I would like to see more Windows apps running on Linux, too. Unfortunately, Mono won't help you there, because many important libraries are missing and cannot be implemented, because Microsoft doesn't cover those with their "promise". Java and Wine are the only available options if you want to run your Windows apps on Linux.
Some people just need something to hate. When MS made the announcement, I whispered that the anti-mono zealots would not care. Of course they don't. Reason does not matter. They just want to hate on something and have found something to latch on to.
The whole "mono is not portable" or the CP "does not cover libraries" is bogus. I've been doing c# dev since it was beta and mono dev since 05. It is portable. The only issue left is asp.net and winforms. Just don't use them.
The drones are just so lame and I would venture a guess that most of them have not written a lick of code whether c, c# or java.
Hate on folks, that is all you have left. This announcement is huge and removes any logical/legal reason for people to continue to fear.
Why don't you spend a little energy learning about what mono can do? If you open you mind just a little, you might be surprised what you'll find.
Those who have chimed in supporting the view that this is a good thing are "probably" right. After all, just because Microsoft has, in every instance so far that I can recall at least, attacked open source, funding SCO, suing TomTom, threatening Linux with patent FUD, threatening Novell, Xandros, and others into signing "protection agreements", forcing a non-open "standard" OOXML through ISO via bribery; this kind of pattern certainly does not guarantee that in this particular case Microsoft is up to no good.
But if we are talking probabilities here, I wouldn't bet a wooden nickel on anything but continued underhanded "embrace, extend and extinguish" tactics from a corporation with this track record. I guess a solution could be to dump all Microsoft code, and use unencumbered open source products (which I have already done).
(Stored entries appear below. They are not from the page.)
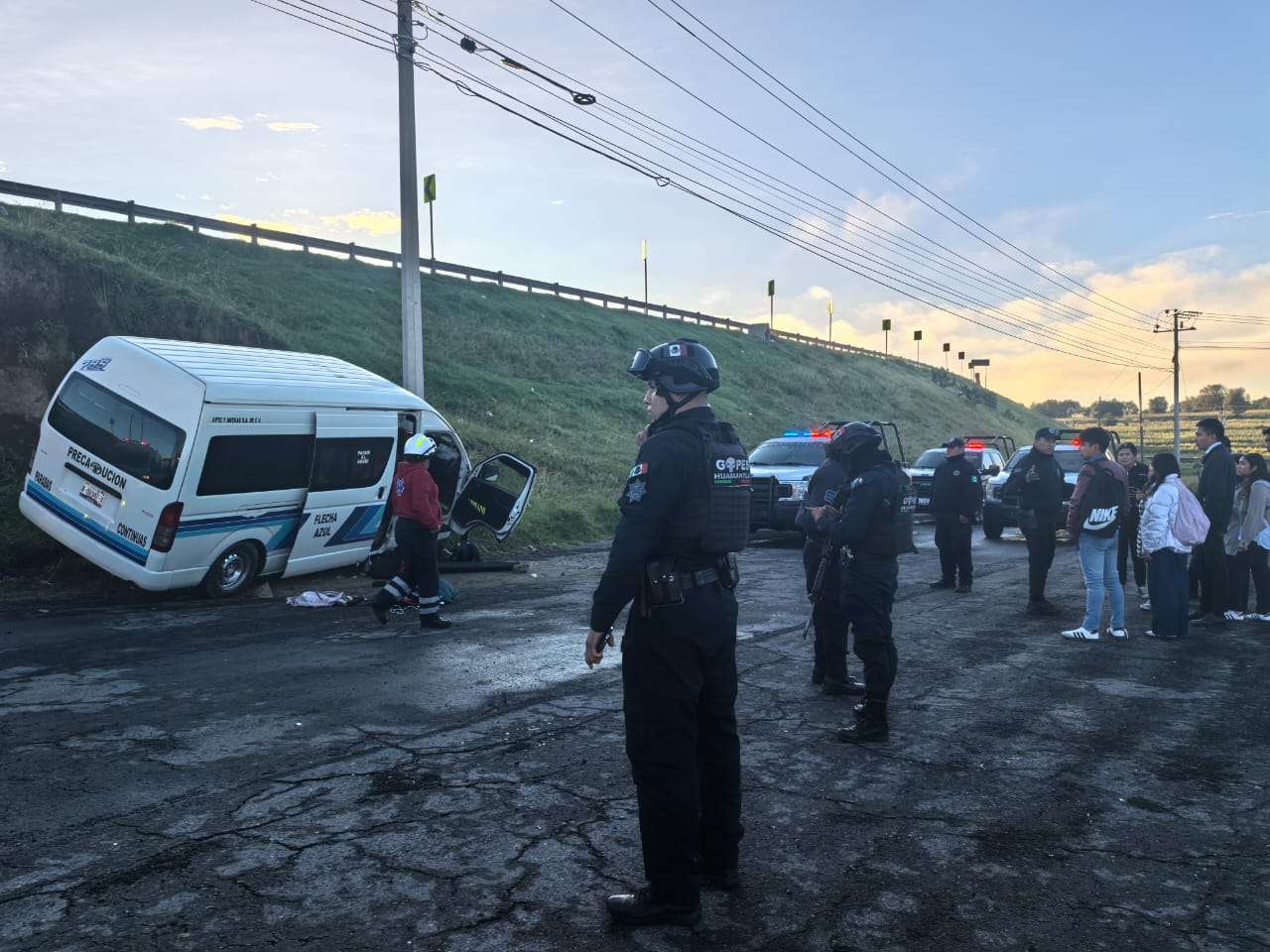 Los hechos ocurrieron la mañana de este miércoles, cuando se reportó al Servicio de Emergencias 9-1-1 el robo de una unidad de transporte público marca Toyota, tipo Hiace, color blanco con franjas azules, de la ruta Flecha Azul. La persona afectada señaló que fue amagada con un arma de fuego a la altura del municipio de Totolac, donde lo despojaron de la unidad para posteriormente huir con dirección a Huamantla.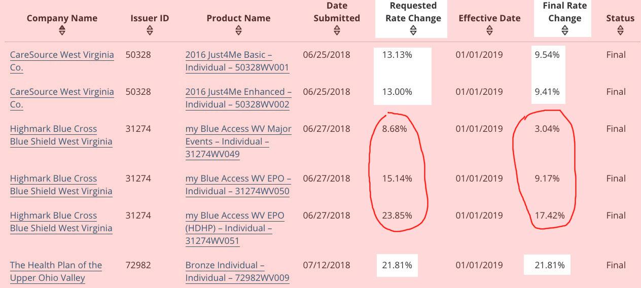 West Virginia's requested average rate increase was among the highest in the country for 2019--a weighted average of around 14.9%.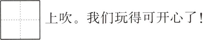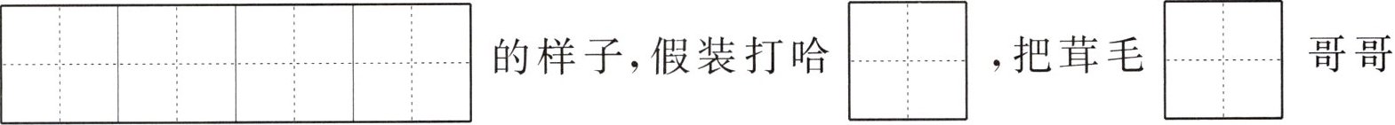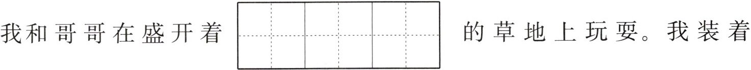 我和哥哥在盛开着$\begin{array}{|c|c|c|}\hline & & \\\hline\end{array}$\begin{array}{|c|c|c|}\hline & & \\\hline $$\begin{array}{|c|c|c|}\hline pú & gōng & yīng \\\hline\end{array}\\\hline $的草地上玩耍。我装着$\begin{array}{|c|c|c|c|c|}\hline & & & & \\\hline\end{array}$\begin{array}{|c|c|c|c|c|}\hline & & & & \\\hline $$\begin{array}{|c|c|c|c|c|}\hline yì & běn & zhèng & jīng \\\hline\end{array}\\\hline $的样子,假装打哈$\begin{array}{|c|}\hline & \\\hline\end{array}$\begin{array}{|c|}\hline & \\\hline $$\begin{array}{|c|}\hline qiàn \\\hline\end{array}\\\hline $,把茸毛$\begin{array}{|c|}\hline & \\\hline\end{array}$\begin{array}{|c|}\hline & \\\hline $$\begin{array}{|c|}\hline cháo \\\hline\end{array}\\\hline 哥哥\begin{array}{|c|}\hline & \\\hline\end{array}\begin{array}{|c|}\hline & \\\hline $$\begin{array}{|c|}\hline liǎn \\\hline\end{array}\\\hline $上吹。我们玩得可开心了!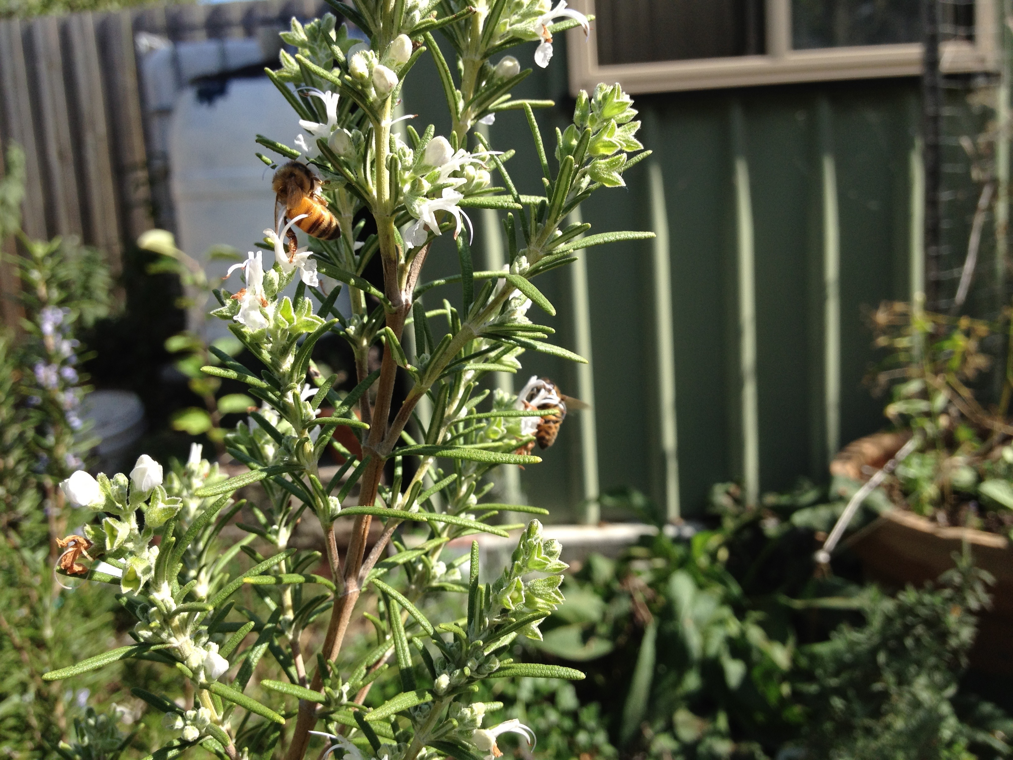 The white rosemary flowers will last through the Winter, and attract any bees that happen to be foraging at that time. Help a bee – it helps us all.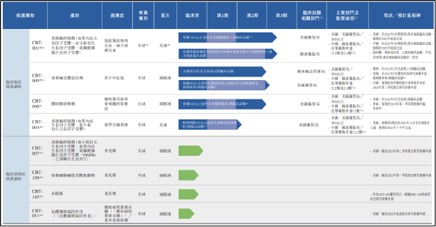 招股书信息显示,CBT-001、CBT-009均将按照国家药监局于2020年颁布的《化学药品注册分类及申报资料要求》中的第2.2类、第2.4类申报,即改良型新药。第2.2类指含有已知活性成份的新剂型,且具有明显临床优势的药品。第2.4类指含有已知活性成份的新适应症的药品。

Perhaps IBM will buy Novell, and really give Microsoft (and their SCO-puppet) something to worry about.
I have just made a 60 day evaluation of .NET using VS 2008 and correct me if I'm wrong, but is this not just another wrapper for running .NET by whatever means possible.
We scrapped .NET from our development because of the simple reason, it is inherently unsafe and not very simple to port to other platforms, regardless of what add-ons and environment wrappers you use.
Further more, the largest complaint against languages such as VB (Classic) was that it is a runtime interpreted language and thus very slow.
I have just recently written a DLL in VB 5 (yes in 2009) and this is faster than it's .NET counterpart even though I routinely do basic arithmetic on PRECISE integers in the range up to 2^8192 and above in 100% precision without floating points.
I am convinced a C++ implementation of this would be 100 times faster and more stable in classical C++.
Even so, the .NET development will not progress faster (which seems to be M$ main issue) as the development suit is not holding up on speed, quality and functionality as opposed to many other older VS suites.
Simply statements from the .NET development teams gives me the creeps.
Even in their own development introductions you can find statements such as "' The goal at Microsoft is one day to no longer have "Add/Remove Programs" in your control panel, and no longer have any pains of messy uninstalls or reinstalls "
- Ausley Belgin. Microsoft, NY /.NET Platform Developer Team.
In other words...
Surrender your application control to us so we see what you have.
This falls perfectly in line with the fact the intent from M$ is to see what you do as a developer, to whatever benefits that may give them, but be it that .NET is not a fully compiled language, but an interpreted set of instructions in MSIL, the only ones who know what happens behind the scene, are those M$ staff who know MSIL instructions.
Whatever they call it, however nicely they want to "play with Linux", I don't buy it anymore.